WINNER OF THE 2012 GERMAN BOOK TRADE PEACE PRIZE
In June 1989, news of the Tiananmen Square protests and its bloody resolution reverberated throughout the world. A young poet named Liao Yiwu, who had until then led an apolitical bohemian existence, found his voice in that moment. Like the solitary man who stood firmly in front of a line of tanks, Liao proclaimed his outrage—and his words would be his weapon.
For a Song and a Hundred Songs captures the four brutal years Liao spent in jail for writing the incendiary poem “Massacre.” Through the power and beauty of his prose, he reveals the bleak reality of crowded Chinese prisons—the harassment from guards and fellow prisoners, the torture, the conflicts among human beings in close confinement, and the boredom of everyday life. But even in his darkest hours, Liao manages to unearth the fundamental humanity in his cell mates: he writes of how they listen with rapt attention to each other’s stories of criminal endeavors gone wrong and of how one night, ravenous with hunger, they dream up an “imaginary feast,” with each inmate trying to one-up the next by describing a more elaborate dish.
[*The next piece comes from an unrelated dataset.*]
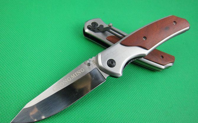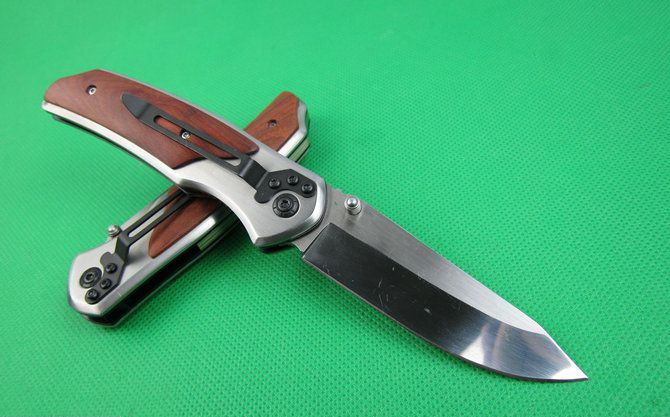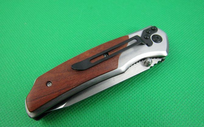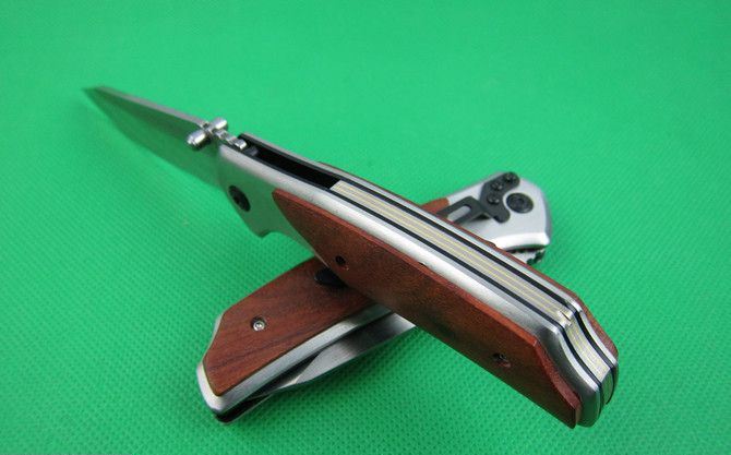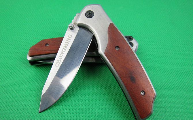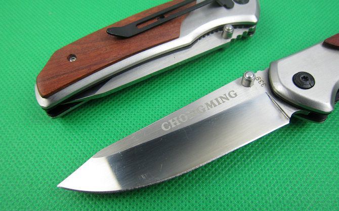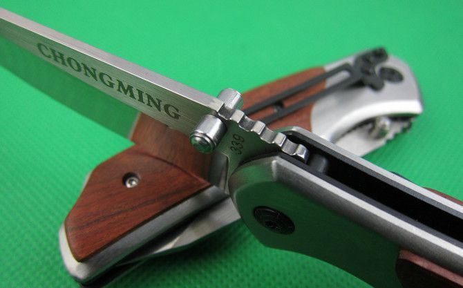 创名全钢A339折刀 全长:20.2cm 刃长:8.8cm 柄长:11.5cm 刃厚:0.27cm 刃宽:2.7cm 刃材:5Cr13 柄材:全钢+木片 硬度:56HRC 净重;190克 锁定;线锁 表面处:丝光伴镜光 其他:原厂彩合

In this important book, Liao presents a stark and devastating portrait of a nation in flux, exposing a side of China that outsiders rarely get to see. In the wake of 2011’s Arab Spring, the world has witnessed for a second time China’s crackdown on those citizens who would speak their mind, like artist Ai Weiwei and legal activist Chen Guangcheng. Liao stands squarely among them and gives voice to not only his own story, but to the stories of those individuals who can no longer speak for themselves. For a Song and a Hundred Songs bears witness to history and will forever change the way you view the rising superpower of China.
About the author:
Liao Yiwu (Chinese: 廖亦武; also known as Lao Wei) (born 1958 in Sichuan), is a Chinese author, reporter, musician, and poet. He is a critic of China's Communist regime, for which he has been imprisoned. His books, several of which are collections of interviews with ordinary people from the lower rungs of Chinese society, were published in Taiwan and Hong Kong but are banned in mainland China; some have been translated into English, French, German and Polish.